Print, exactly and with no pictures, the line containing "2025年度社會工作者、監(jiān)理" and each line after it to the end of the entries below.
───── Extracted data
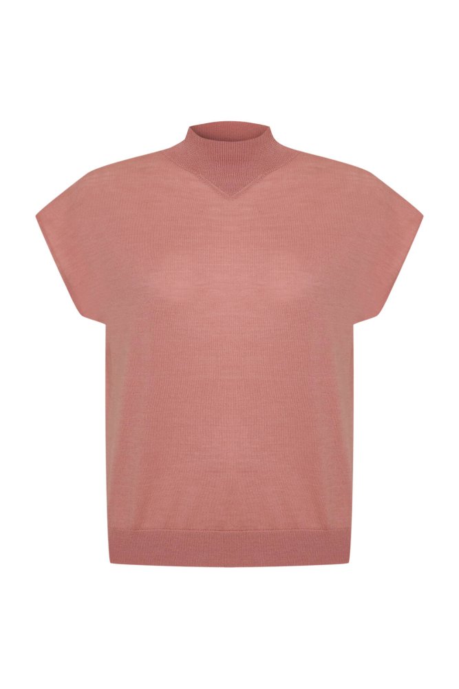 Yumuşak pembesiyle feminen bir dokunuş sunan bu triko üst, %75 Merino yün ve %25 Lenzing Lyosel karışımıyla hem sıcak hem nefes alabilir bir his sağlıyor. Dik yaka ve kolsuz tasarımı, farklı parçalarla katmanlı kombinler oluşturmayı kolaylaştırıyor. Triko pantolon, etek veya ceketlerle bir araya geldiğinde hem zarif hem hareketli bir stil sunuyor. Yumuşak ve hafif yapısı, gün boyu konfor sağlayan, birçok mevsimde tercih edilebilecek bir parça.
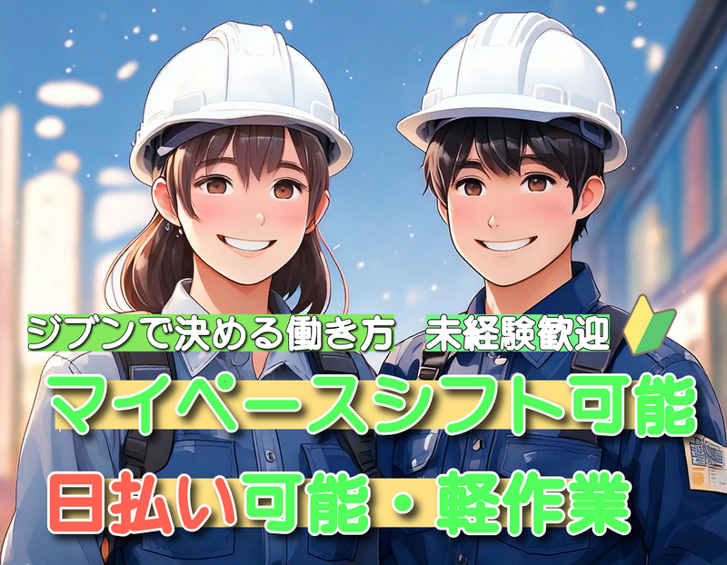 仕事内容 <<新規オープン!オープニングスタッフ募集!>> 《建築現場の清掃・片付け等の現場軽作業スタッフ》 ・LINEなら24時間いつでも面接予約OK! ・履歴書不要!面倒な手続きナシ! ・応募~勤務開始まで最短2日! ・軽作業がメインで極端な肉体労働はナシ! ・日払いOK! ・早上がり日給保障あり ・「資格取得支援」「正社員登用」など待遇充実! <仕事内容> 多能工の仕事とは、現場の清掃片付け・養生・資材移動・職人さんの手元作業と 多種多様なニーズに答える仕事です。 ・軽作業が多いので、極端な肉体労働ではありません。 仕事で体を酷使したくない方もOK! ・難しい道具や技術が必要な仕事ではないので、 稼働2~3日で慣れてくるスタッフも多いですよ! ・未経験者には、1日通して本社で実技研修行います。 ・道具の使い方や、現場アルアルなどしっかり教えるので安心して下さい! ・初日は先輩がマンツーマンで作業を教えます。 <業務量は安定!> 規模の大小を問わず、560社以上の企業と取引があるので、 業務量は安定しています。 ・「働きたいけど案件が無くて・・・」ということはありません 長い目線で安定して働いていくことができます。 ・現場が終わったら次の現場へ!人間関係も煩わしくありません! <勤務地> 勤務地は関東一円に多数! もちろん希望を考慮いたします。 ・現場へは直行直帰OK! ・現場多数 【都内各所/多摩エリア/東京西エリア/城北エリア(板橋区・埼玉方面)/城東エリア(江戸川区・江東区等) 東京南エリア(品川・川崎周辺)】 ・現在マンション大規模改修工事において、東京・神奈川・千葉・埼玉と各所で人手不足です。 - <LINE応募でラクラク> ・「LINE友達登録」で、ID登録せずに簡単に応募・面接予約が完了! ・LINEなら24時間いつでも面接予約OK! ※LINE ID:@197uyesc ※登録後、応募の旨を一言ご連絡いただければ、折り返し致します。 <HPにも当社の情報載っています> https://www.ygb-promotionsupport.com/
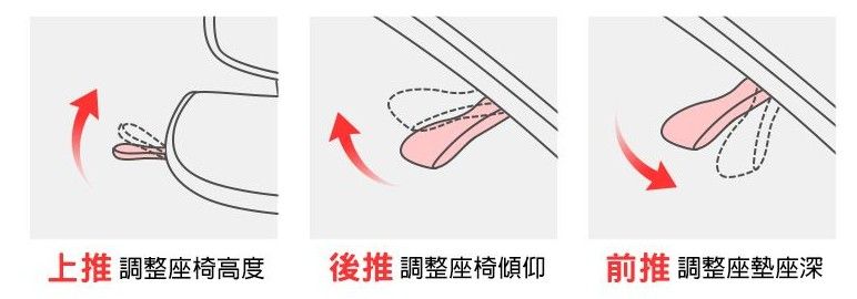 控制桿位於椅座右下方的圓形旋鈕,椅背傾仰幅度調整,順時鐘轉緊(+),逆時鐘轉鬆(-),因每個人身體體重不同或舒適度需求而修正不同力道。椅座前後撥桿,可調整後仰角度鎖定位置,依照不同後仰角度需求而改變位置。
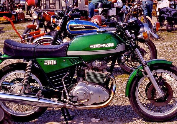 Quello dei bicilindrici paralleli degli anni Settanta è un capitolo dolente, nella storia della Ducati. Si trattava di due modelli (di 500 e di 350 cm3) anomali in quanto non progettati dall’ing. Taglioni, al quale sono dovute tutte le realizzazioni dalla Casa bolognese dal 1955 alla seconda metà degli anni Ottanta. Semplicemente, “Mr. T” non condivideva la scelta della direzione dell’azienda e non aveva voluto avere nulla a che fare con il progetto.
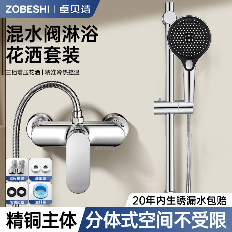 卓贝诗 淋浴混水阀水龙头无顶喷简易花洒套装浴室冷热水龙头花洒二合一 银色升降杆款-花洒三件套
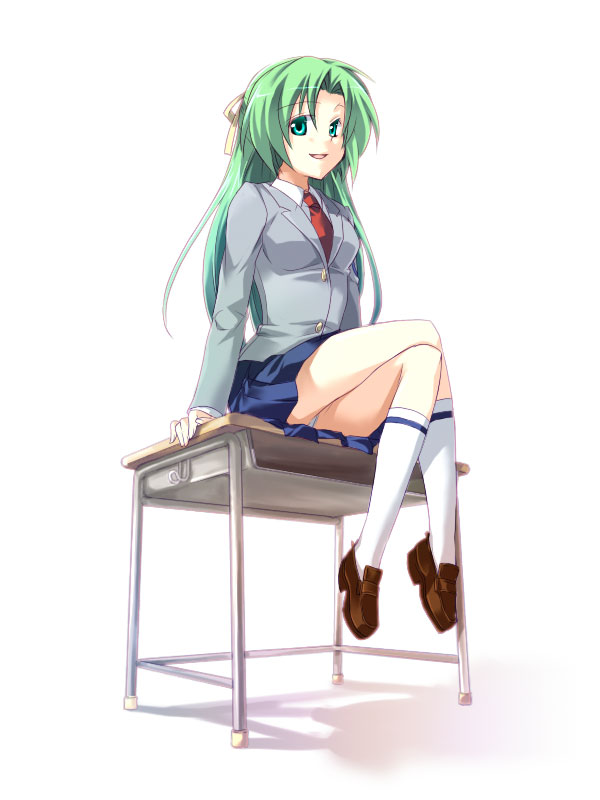 00s1girlcrossed legsdeskfemale focusgreen eyesgreen hairhair ornamenthair ribbonhalf updoloaferslong hairmatching hair/eyesminiskirtnecktieon deskpantiespantyshotribbonschool uniformshoessittingskirtsmilesockssolounderwearupskirt
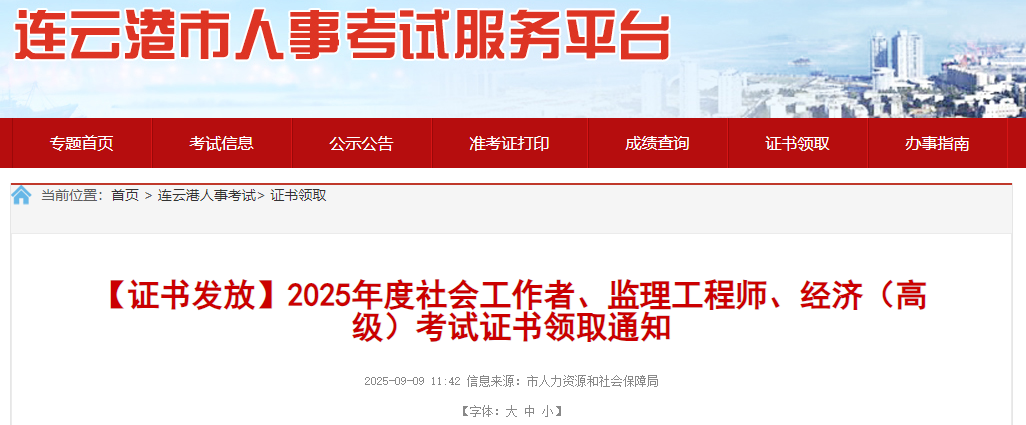 2025年度社會工作者、監(jiān)理工程師、經(jīng)濟(高級)考試證書領(lǐng)取通知
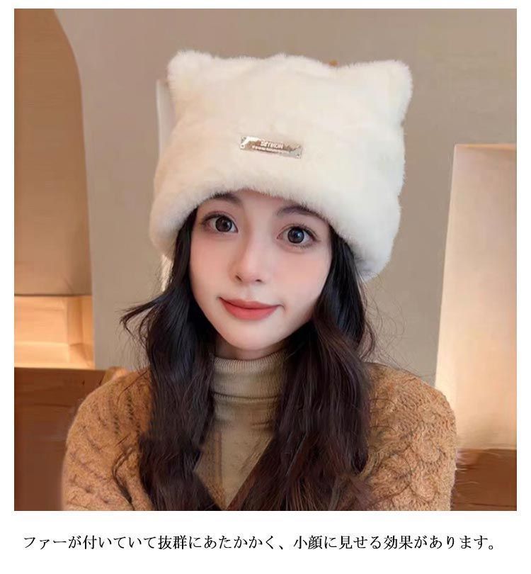 レディース ねこみみ キャップ ニットキャップ カジュアル ファー 韓国 ニット帽 暖かい 猫耳 ねこ耳 帽子 ネコ 秋冬 防寒 かわいい 人気 女性 プレゼント エコファー 大人女子 ファー帽子 ふ#itaiya5980
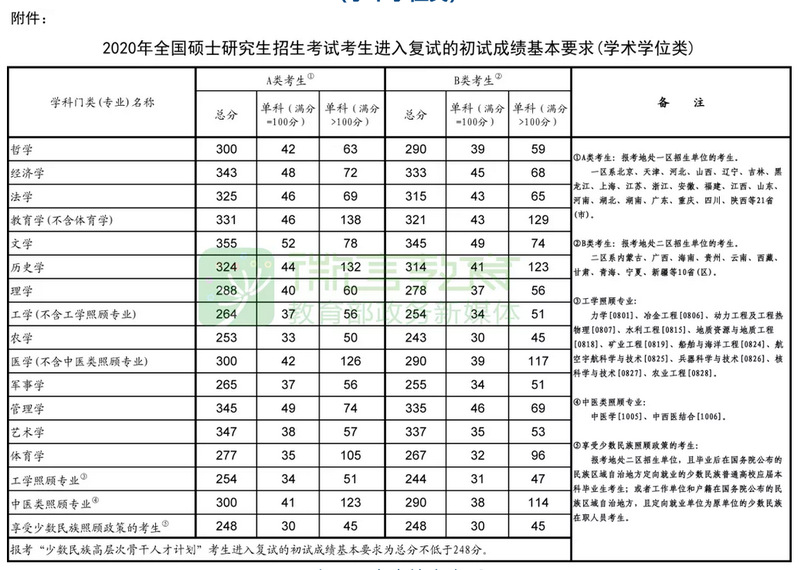 今日,教育部公布《2020年全国硕士研究生招生考试考生进入复试的初试成绩基本要求》(国家分数线),并印发通知,就做好2020年全国硕士研究生复试工作进行部署。
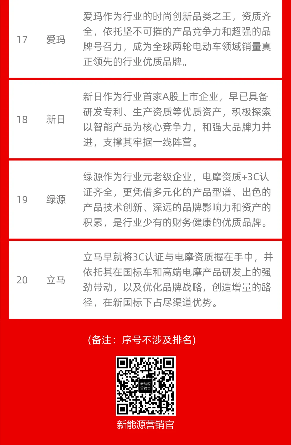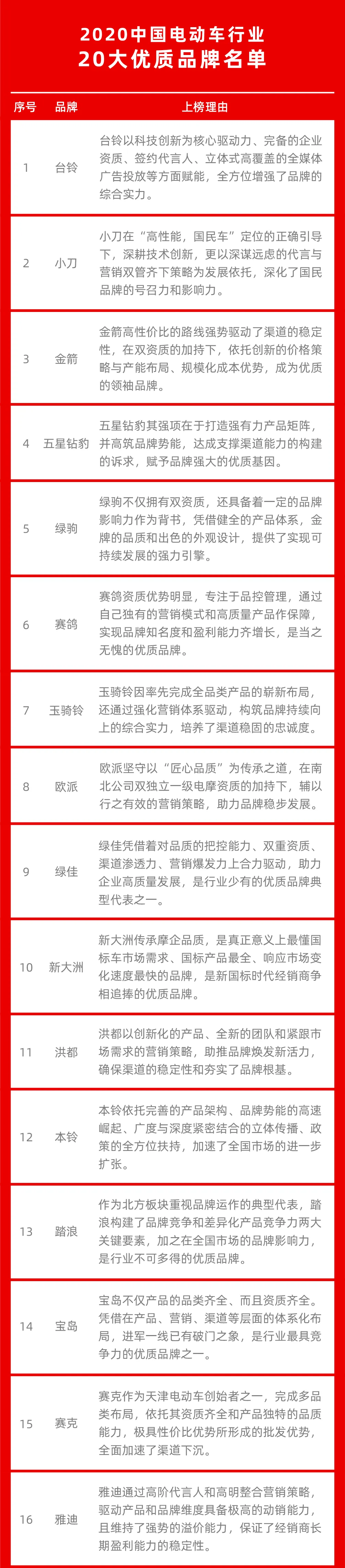 新国标一周年,是整个行业经历升级转型后全新的开始,国标车和电摩兼优、资质齐全的品牌成为经销商首选。结合各大品牌的资质情况和品牌声量、企业健康度,以及品牌影响力,甄选出如下获得急速成长的20大优质品牌。
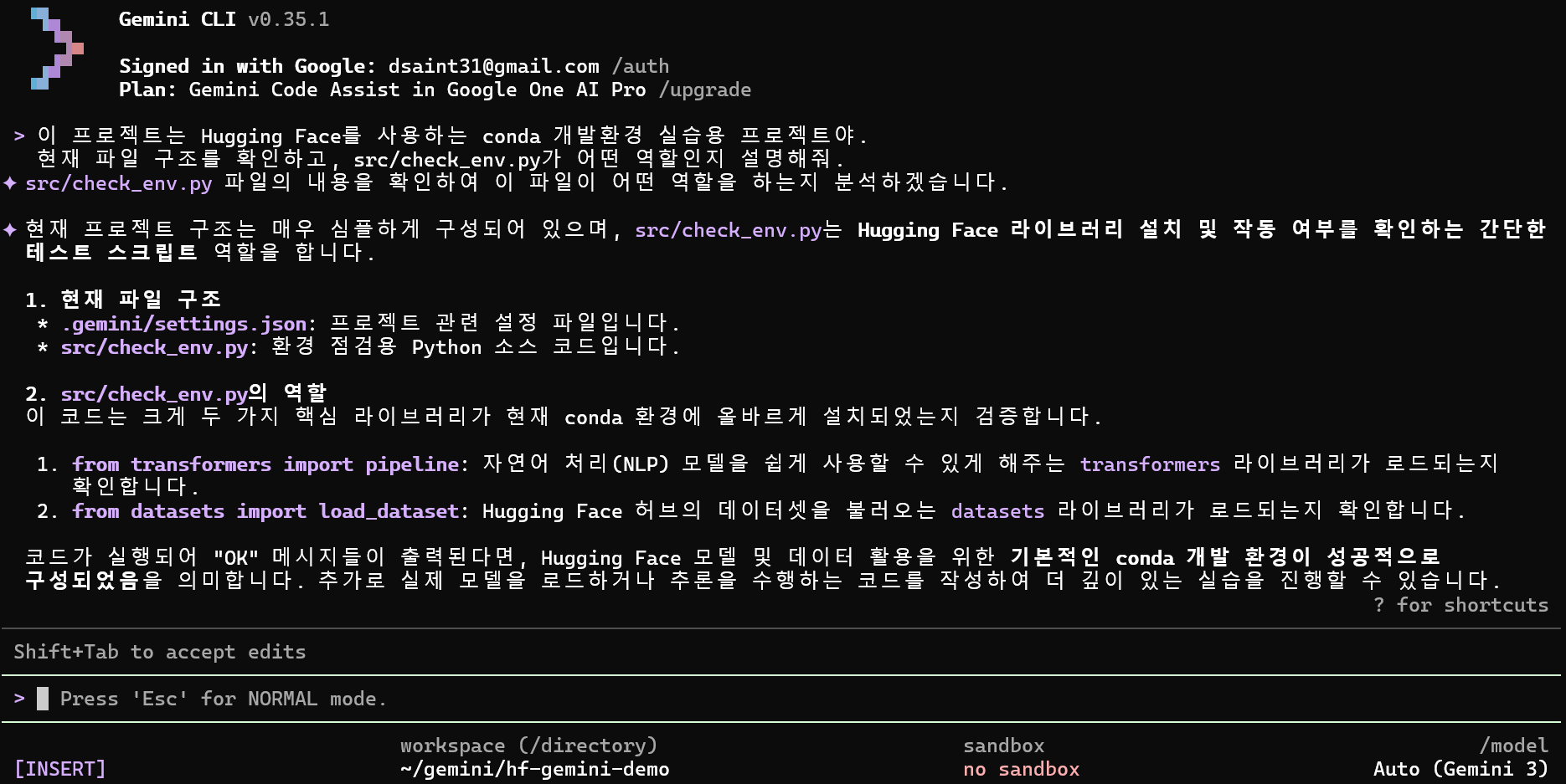 이제 반드시 프로젝트 루트에서 Gemini CLI를 실행함.
──────────
Answer for the task -
 2025年度社會工作者、監(jiān)理工程師、經(jīng)濟(高級)考試證書領(lǐng)取通知
 レディース ねこみみ キャップ ニットキャップ カジュアル ファー 韓国 ニット帽 暖かい 猫耳 ねこ耳 帽子 ネコ 秋冬 防寒 かわいい 人気 女性 プレゼント エコファー 大人女子 ファー帽子 ふ#itaiya5980
 今日,教育部公布《2020年全国硕士研究生招生考试考生进入复试的初试成绩基本要求》(国家分数线),并印发通知,就做好2020年全国硕士研究生复试工作进行部署。
 新国标一周年,是整个行业经历升级转型后全新的开始,国标车和电摩兼优、资质齐全的品牌成为经销商首选。结合各大品牌的资质情况和品牌声量、企业健康度,以及品牌影响力,甄选出如下获得急速成长的20大优质品牌。
 이제 반드시 프로젝트 루트에서 Gemini CLI를 실행함.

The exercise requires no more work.